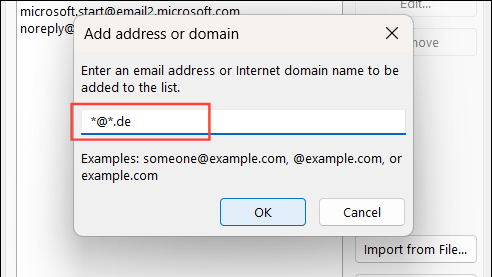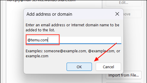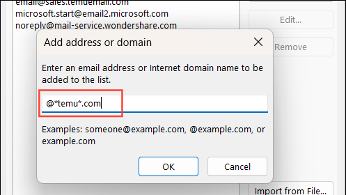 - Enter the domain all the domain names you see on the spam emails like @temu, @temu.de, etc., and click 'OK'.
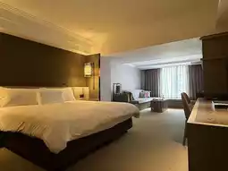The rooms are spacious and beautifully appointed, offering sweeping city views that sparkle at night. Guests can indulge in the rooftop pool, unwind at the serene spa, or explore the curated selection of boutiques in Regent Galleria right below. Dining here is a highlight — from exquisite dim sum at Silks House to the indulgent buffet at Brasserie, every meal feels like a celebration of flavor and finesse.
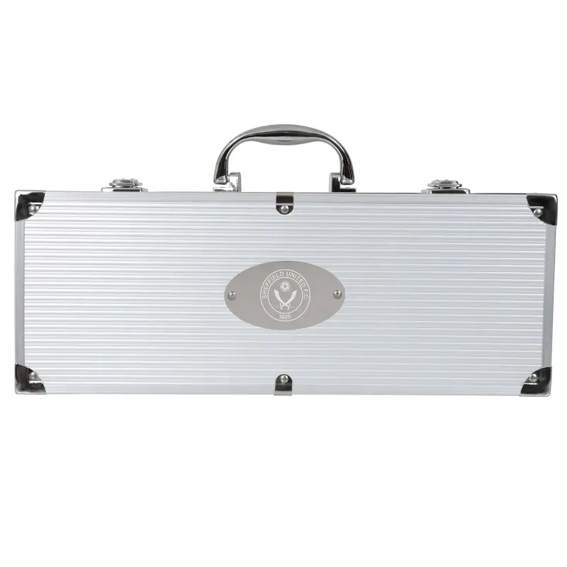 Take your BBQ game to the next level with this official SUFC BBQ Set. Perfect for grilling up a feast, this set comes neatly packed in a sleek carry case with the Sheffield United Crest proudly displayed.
******************************
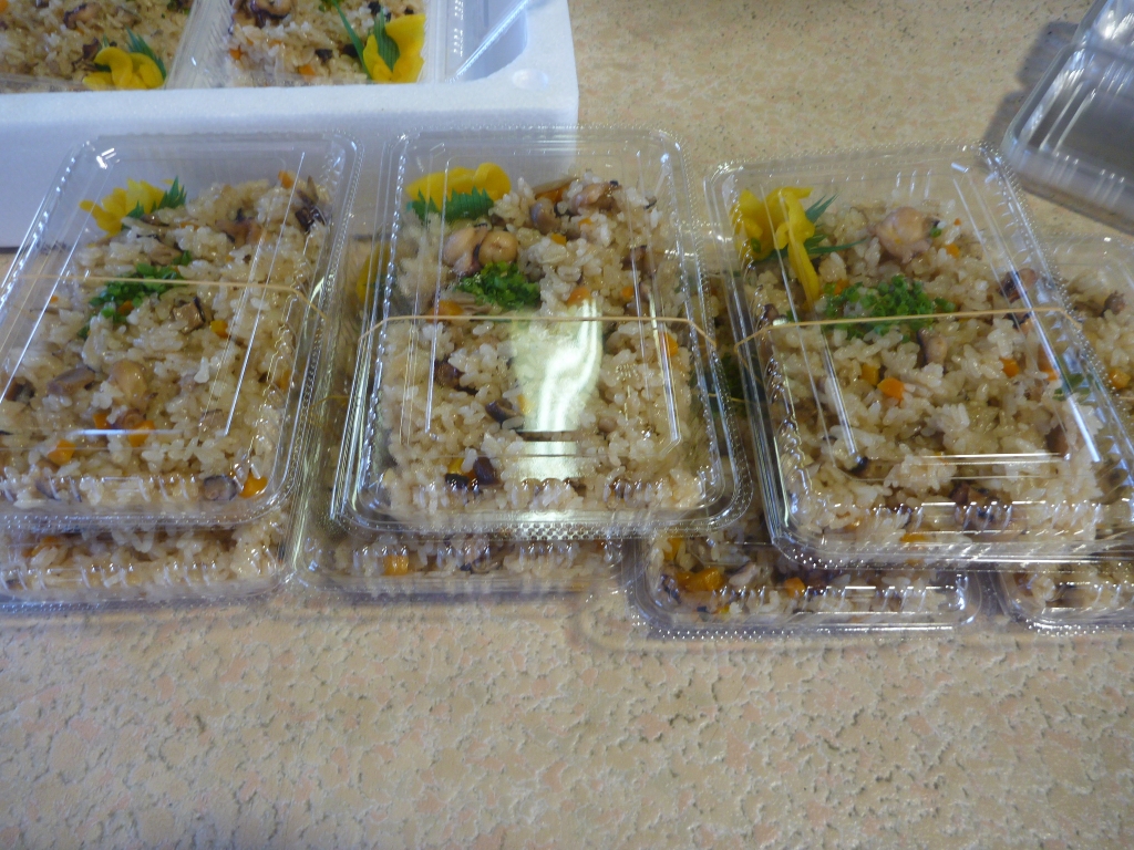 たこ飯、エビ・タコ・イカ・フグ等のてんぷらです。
******************************
> What is required: Leaving all pictures out, output exactly the lines of the material above from the line with "- Enter the" to the line with "The rooms are", both included.

> Result of this exercise:
 - Enter the domain all the domain names you see on the spam emails like @temu, @temu.de, etc., and click 'OK'.
The rooms are spacious and beautifully appointed, offering sweeping city views that sparkle at night. Guests can indulge in the rooftop pool, unwind at the serene spa, or explore the curated selection of boutiques in Regent Galleria right below. Dining here is a highlight — from exquisite dim sum at Silks House to the indulgent buffet at Brasserie, every meal feels like a celebration of flavor and finesse.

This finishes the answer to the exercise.